February 4, 2002
Enron pocketed PGE ratepayer taxes
Since Enron purchased PGE in 1997, the Houston-based company reported more than $2.68 billion in profits but paid just $17 million in federal income taxes in its first year of ownership and nothing in the three following years, according Citizens for Tax Justice, a group that advocates tighter tax laws.
During that period, PGE sent the company $89.3 million a year on average in tax checks, Portland-based PGE officials said. Enron filed a consolidated return for all of its holdings, they said.
What happened to the money then is Enron's concern, not PGE's, they said.
"We were following the letter of the law," said Scott Simms, PGE spokesman.
Enron did not immediately return calls.
There is apparently nothing illegal about the Enron-PGE tax arrangement, where PGE, as a subsidiary sent its payment for taxes to its Texas parent. As of May 2001, subsidiary utilities no longer pay taxes through their parent companies, Simms said.

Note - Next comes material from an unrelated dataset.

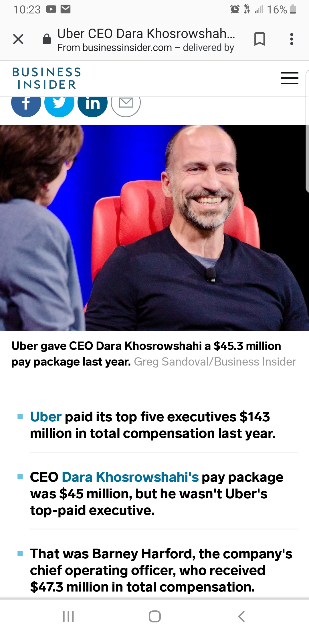 Dara looks so happy. Guess I would be happy also. The only difference is I wouldnt be cutting rates on drivers the way he does. Drivers keep this company in business. Without them there wouldnt be UBER and Dara wouldnt be making that huge salary. Just another slap in the face to drivers. Drivers are making under .70 per mile and under .20 per minute (in most markets)and Uber claims they are operating at a loss. Dara still making a fortune though. When Uber first started drivers were making 2.25 per mile now its down in my market to .69 per mile. On some of our trips Ubet is making more or a few dollars under our fare. What happened to 20%/25% for Uber and 75%/80% for driver? What ate your thoughts?

Houston-based Enron filed for Chapter 11 bankruptcy on Dec. 2 amid disclosures that the company hid large amounts of debt in a web of off-the-books partnerships.
Thousands of employees, including hundreds in Portland, have been laid off. Others have suffered complete losses to their retirement savings as Enron's stock has crashed.
In the 4½ years Enron has owned PGE, it has received at least $608 million in profits and taxes from the Portland utility.
On Jan. 17, Citizens for Tax Justice released a detailed analysis of Enron's tax payments based on the company's own financial statements. The 23-year-old nonpartisan group's analysis has been widely cited.
The money PGE paid for federal taxes came directly from ratepayers, Simms confirmed. The utility has about 730,000 customers.
In the fall of 2001, PGE raised rates 31.5 percent for residential users and 50 percent for commercial users.
In addition to the tax money, PGE paid $251 million in profits to Enron from 1997 to the third quarter of 2001.
Enron did its best to "pick PGE clean," said Erick Johnson, a Portland lawyer who represents utilities but does not represent PGE or Enron.